From: Rafael J. Wysocki
Date: Fri May 08 2015 - 09:53:06 EST


On Friday, May 08, 2015 01:05:32 PM Preeti U Murthy wrote:
> When a CPU has to enter an idle state where tick stops, it makes a call
> to tick_broadcast_enter(). The call will fail if this CPU is the
> broadcast CPU. Today, under such a circumstance, the arch cpuidle code
> handles this CPU. This is not convincing because not only do we not
> know what the arch cpuidle code does, but we also do not account for the
> idle state residency time and usage of such a CPU.
>
> This scenario can be handled better by simply choosing an idle state
> where in ticks do not stop.
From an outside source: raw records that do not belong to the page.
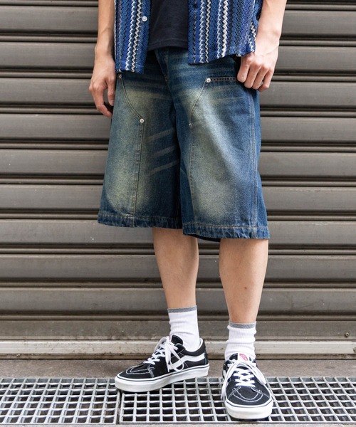 丈が長く穿きやすいデニムショーツ。 ワイドなシルエットでリラックス感もあります。 フロントに大きなポケットを貼り付けたようなデザインがポイント。 加工感もしっかりしていて長年穿きこんだような味わいをはじめから楽しめます。 【素材】 肌触りの良い綿100%素材。 【スタイリング】 カジュアルな着こなしと相性〇 トップスのシルエットをすっきりさせてもメリハリのついたスタイルになります。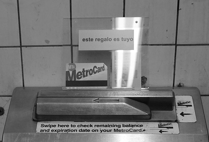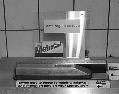 The action considers what consumers might need or want, and issues a call to action/reflection: each person has to make a decision in order to ignore, accept or leave the gift behind. Thus, a gift-capsule might trigger reflections on decisions made in both public and private spheres (the fear of being observed while taking the gift at a store versus the feeling of entitlement of taking the gift left at an empty subway station). I attempt to destabilize the expectancy
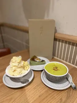 呢间位于闹市小巷入面嘅甜品店,外观简约但环境好干净,光线柔和,好舒服😌🍮 招牌开心果豆腐花 将意大利开心果打成幼滑开心果糊,拌入每日新鲜制作嘅豆腐花,口感又滑又香。 第一口入口就感受到浓郁坚果香气渗出,后味仲有淡淡豆香,唔甜腻反而好清新~ 而且入面仲有啲细碎开心果粒,食落层次丰富,有少少脆感,好满足💚🍰 开心果巴斯克蛋糕 另一个开心果控必试!外层微焦香,内层系流心芝士质地~切开果刻真系流出嚟🤤 开心果酱混入芝士蛋糕入面,味道香浓得嚟唔腻口,又保留咗巴斯克应有嘅湿润感。配埋一杯热茶,简直完美组合☕️🍧 榴梿冰 榴梿味超香但唔呛鼻,冰沙口感幼滑,甜度适中。 食落唔会有啲重手嘅人工味,反而系自然果香,夏天食一啖即刻清爽~整体嚟讲,呢间店糖令人惊艳 ,由用料到配搭都见心思,无论系开心果创意系列定港式经典,都做到平衡得嚟又保留住原汁原味~ 环境干净简约,店内用木系家私配米白墙,整体气氛好chill,食甜品都感觉疗愈…查看更多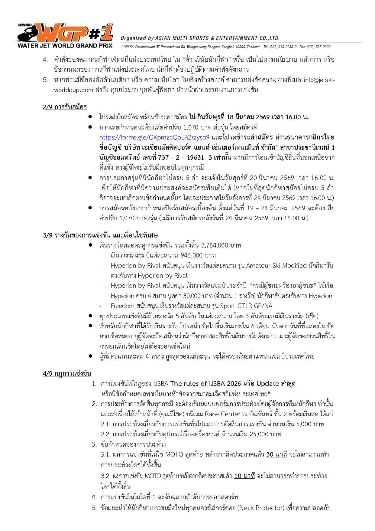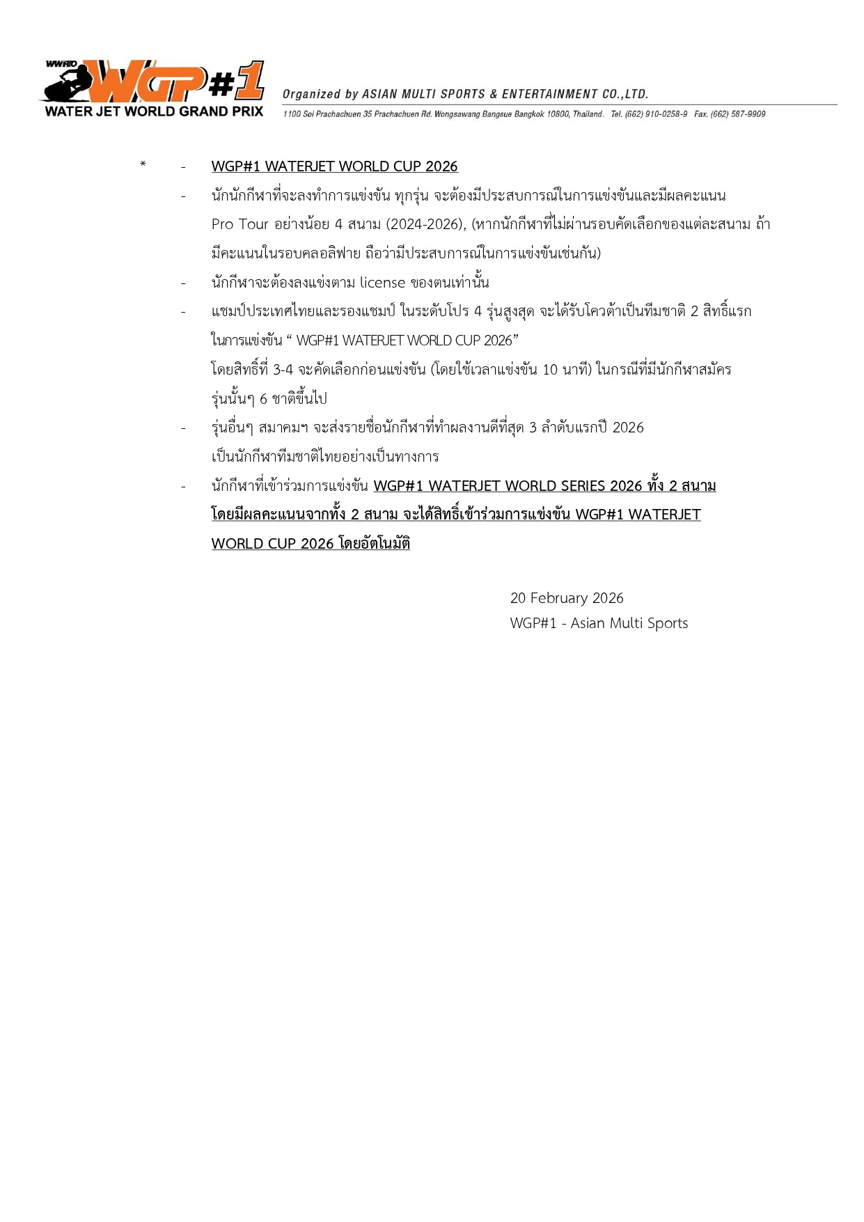 สามารถติดตามข่าวสารการแข่งขัน “ดับเบิลยู จีพี วัน วอเตอร์เจ็ต โปรทัวร์ 2026” ได้ทาง :

To accommodate this change move the setting
> of runqueue idle state from the core to the cpuidle driver, else the
> rq->idle_state will be set wrong.
>
> Signed-off-by: Preeti U Murthy <preeti@xxxxxxxxxxxxxxxxxx>
> ---
> Changes from V2: https://lkml.org/lkml/2015/5/7/78
> Introduce a function in cpuidle core to select an idle state where ticks do not
> stop rather than going through the governors.
>
> Changes from V1: https://lkml.org/lkml/2015/5/7/24
> Rebased on the latest linux-pm/bleeding-edge branch
>
> drivers/cpuidle/cpuidle.c | 45 +++++++++++++++++++++++++++++++++++++++++++--
> include/linux/sched.h | 16 ++++++++++++++++
> kernel/sched/core.c | 17 +++++++++++++++++
> kernel/sched/fair.c | 2 +-
> kernel/sched/idle.c | 6 ------
> kernel/sched/sched.h | 24 ------------------------
> 6 files changed, 77 insertions(+), 33 deletions(-)
>
> diff --git a/drivers/cpuidle/cpuidle.c b/drivers/cpuidle/cpuidle.c
> index 8c24f95..d1af760 100644
> --- a/drivers/cpuidle/cpuidle.c
> +++ b/drivers/cpuidle/cpuidle.c
> @@ -21,6 +21,7 @@
> #include <linux/module.h>
> #include <linux/suspend.h>
> #include <linux/tick.h>
> +#include <linux/sched.h>
> #include <trace/events/power.h>
>
> #include "cpuidle.h"
> @@ -146,6 +147,36 @@ int cpuidle_enter_freeze(struct cpuidle_driver *drv, struct cpuidle_device *dev)
> return index;
> }
>
> +/*
> + * find_tick_valid_state - select a state where tick does not stop
> + * @dev: cpuidle device for this cpu
> + * @drv: cpuidle driver for this cpu
> + */
> +static int find_tick_valid_state(struct cpuidle_device *dev,
> + struct cpuidle_driver *drv)
> +{
> + int i, ret = -1;
> +
> + for (i = CPUIDLE_DRIVER_STATE_START; i < drv->state_count; i++) {
> + struct cpuidle_state *s = &drv->states[i];
> + struct cpuidle_state_usage *su = &dev->states_usage[i];
> +
> + /*
> + * We do not explicitly check for latency requirement
> + * since it is safe to assume that only shallower idle
> + * states will have the CPUIDLE_FLAG_TIMER_STOP bit
> + * cleared and they will invariably meet the latency
> + * requirement.
> + */
> + if (s->disabled || su->disable ||
> + (s->flags & CPUIDLE_FLAG_TIMER_STOP))
> + continue;
> +
> + ret = i;
> + }
> + return ret;
> +}
> +
> /**
> * cpuidle_enter_state - enter the state and update stats
> * @dev: cpuidle device for this cpu
> @@ -168,10 +199,17 @@ int cpuidle_enter_state(struct cpuidle_device *dev, struct cpuidle_driver *drv,
> * CPU as a broadcast timer, this call may fail if it is not available.
> */
> if (broadcast && tick_broadcast_enter()) {
> - default_idle_call();
> - return -EBUSY;
> + index = find_tick_valid_state(dev, drv);

Well, the new state needs to be deeper than the old one or you may violate the
governor's choice and this doesn't guarantee that.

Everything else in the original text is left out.